-- Opening Marker --

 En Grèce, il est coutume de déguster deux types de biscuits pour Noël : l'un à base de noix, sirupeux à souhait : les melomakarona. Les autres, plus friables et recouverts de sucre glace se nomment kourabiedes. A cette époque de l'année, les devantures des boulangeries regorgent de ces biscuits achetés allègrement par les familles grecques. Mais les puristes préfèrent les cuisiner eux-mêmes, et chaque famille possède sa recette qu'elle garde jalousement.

-- Closing Marker --
-- Opening Marker --

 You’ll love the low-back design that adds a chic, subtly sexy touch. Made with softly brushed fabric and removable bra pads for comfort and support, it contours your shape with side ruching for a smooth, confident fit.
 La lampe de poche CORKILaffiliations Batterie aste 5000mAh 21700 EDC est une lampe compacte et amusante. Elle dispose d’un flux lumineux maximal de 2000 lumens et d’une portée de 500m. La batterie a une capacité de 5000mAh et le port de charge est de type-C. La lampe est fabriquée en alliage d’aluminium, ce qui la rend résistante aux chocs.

-- Closing Marker --

- _Prompt_
For the material above, reproduce exactly the lines from the line with "You’ll love the" to the line with "La lampe de", inclusive, and exclude all others.

- _Answer to this exercise_
 You’ll love the low-back design that adds a chic, subtly sexy touch. Made with softly brushed fabric and removable bra pads for comfort and support, it contours your shape with side ruching for a smooth, confident fit.
 La lampe de poche CORKILaffiliations Batterie aste 5000mAh 21700 EDC est une lampe compacte et amusante. Elle dispose d’un flux lumineux maximal de 2000 lumens et d’une portée de 500m. La batterie a une capacité de 5000mAh et le port de charge est de type-C. La lampe est fabriquée en alliage d’aluminium, ce qui la rend résistante aux chocs.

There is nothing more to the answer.